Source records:
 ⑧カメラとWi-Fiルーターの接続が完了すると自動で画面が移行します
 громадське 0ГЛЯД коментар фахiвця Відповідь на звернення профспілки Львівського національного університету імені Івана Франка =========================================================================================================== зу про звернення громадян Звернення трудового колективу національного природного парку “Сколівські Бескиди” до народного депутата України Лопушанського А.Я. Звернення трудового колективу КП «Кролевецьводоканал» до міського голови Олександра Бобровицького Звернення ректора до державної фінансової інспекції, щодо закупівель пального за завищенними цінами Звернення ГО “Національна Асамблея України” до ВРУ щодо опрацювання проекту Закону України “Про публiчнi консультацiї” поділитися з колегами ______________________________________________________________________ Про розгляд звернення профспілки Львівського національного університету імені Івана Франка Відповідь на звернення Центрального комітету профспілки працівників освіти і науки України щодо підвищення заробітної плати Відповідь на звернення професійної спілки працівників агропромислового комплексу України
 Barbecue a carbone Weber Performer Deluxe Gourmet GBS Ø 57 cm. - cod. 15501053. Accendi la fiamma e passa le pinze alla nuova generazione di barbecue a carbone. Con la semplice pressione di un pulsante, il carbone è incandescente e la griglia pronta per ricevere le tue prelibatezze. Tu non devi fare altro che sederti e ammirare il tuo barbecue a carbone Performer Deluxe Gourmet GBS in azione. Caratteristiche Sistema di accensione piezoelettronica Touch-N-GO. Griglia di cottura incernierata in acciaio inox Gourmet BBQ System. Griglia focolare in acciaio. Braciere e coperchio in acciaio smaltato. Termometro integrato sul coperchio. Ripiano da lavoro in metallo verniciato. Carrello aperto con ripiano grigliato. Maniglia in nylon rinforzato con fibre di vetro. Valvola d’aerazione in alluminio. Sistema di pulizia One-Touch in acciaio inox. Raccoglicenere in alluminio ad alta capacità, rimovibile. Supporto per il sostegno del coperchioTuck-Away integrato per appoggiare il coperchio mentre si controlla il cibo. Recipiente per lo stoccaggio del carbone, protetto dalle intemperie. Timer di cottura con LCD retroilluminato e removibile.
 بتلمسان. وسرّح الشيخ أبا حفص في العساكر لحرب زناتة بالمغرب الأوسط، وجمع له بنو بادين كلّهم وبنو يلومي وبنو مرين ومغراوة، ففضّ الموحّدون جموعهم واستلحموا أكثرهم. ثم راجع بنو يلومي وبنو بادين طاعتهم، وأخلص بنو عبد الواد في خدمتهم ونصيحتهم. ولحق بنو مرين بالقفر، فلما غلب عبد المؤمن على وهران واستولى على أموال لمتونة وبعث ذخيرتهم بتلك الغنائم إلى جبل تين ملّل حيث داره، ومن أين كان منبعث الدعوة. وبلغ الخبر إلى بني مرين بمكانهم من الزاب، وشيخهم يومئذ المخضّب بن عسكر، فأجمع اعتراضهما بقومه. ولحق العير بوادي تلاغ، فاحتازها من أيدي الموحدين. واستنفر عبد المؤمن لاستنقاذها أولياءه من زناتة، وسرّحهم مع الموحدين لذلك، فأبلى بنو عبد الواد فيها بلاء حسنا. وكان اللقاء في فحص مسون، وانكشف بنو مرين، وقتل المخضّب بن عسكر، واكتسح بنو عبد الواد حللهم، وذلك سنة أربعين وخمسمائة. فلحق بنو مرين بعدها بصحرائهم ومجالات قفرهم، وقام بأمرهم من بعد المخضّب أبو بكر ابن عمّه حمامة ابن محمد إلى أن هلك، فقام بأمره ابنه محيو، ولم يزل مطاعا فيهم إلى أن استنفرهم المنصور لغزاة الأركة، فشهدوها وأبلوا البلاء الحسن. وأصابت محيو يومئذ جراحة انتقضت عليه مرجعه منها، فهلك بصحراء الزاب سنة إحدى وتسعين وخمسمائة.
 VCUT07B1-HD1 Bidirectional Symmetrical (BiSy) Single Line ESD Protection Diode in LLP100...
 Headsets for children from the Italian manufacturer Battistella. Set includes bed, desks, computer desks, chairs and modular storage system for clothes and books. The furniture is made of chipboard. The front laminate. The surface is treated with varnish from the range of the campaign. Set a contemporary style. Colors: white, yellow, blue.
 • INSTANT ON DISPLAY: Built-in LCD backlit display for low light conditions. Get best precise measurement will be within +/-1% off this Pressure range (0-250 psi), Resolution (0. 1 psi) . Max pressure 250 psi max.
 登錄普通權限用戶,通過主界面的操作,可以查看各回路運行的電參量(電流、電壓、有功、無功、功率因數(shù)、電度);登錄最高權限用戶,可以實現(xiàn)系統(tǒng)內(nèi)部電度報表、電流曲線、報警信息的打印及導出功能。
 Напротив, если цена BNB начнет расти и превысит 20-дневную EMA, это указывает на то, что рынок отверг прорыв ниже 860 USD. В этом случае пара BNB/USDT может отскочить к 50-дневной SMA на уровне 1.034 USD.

■ What needs to be done: The lines from the one containing "登錄普通權限用戶,通過主界面" through the end of the data are to be copied exactly, the first and last of them included.

■ Result:
 登錄普通權限用戶,通過主界面的操作,可以查看各回路運行的電參量(電流、電壓、有功、無功、功率因數(shù)、電度);登錄最高權限用戶,可以實現(xiàn)系統(tǒng)內(nèi)部電度報表、電流曲線、報警信息的打印及導出功能。
 Напротив, если цена BNB начнет расти и превысит 20-дневную EMA, это указывает на то, что рынок отверг прорыв ниже 860 USD. В этом случае пара BNB/USDT может отскочить к 50-дневной SMA на уровне 1.034 USD.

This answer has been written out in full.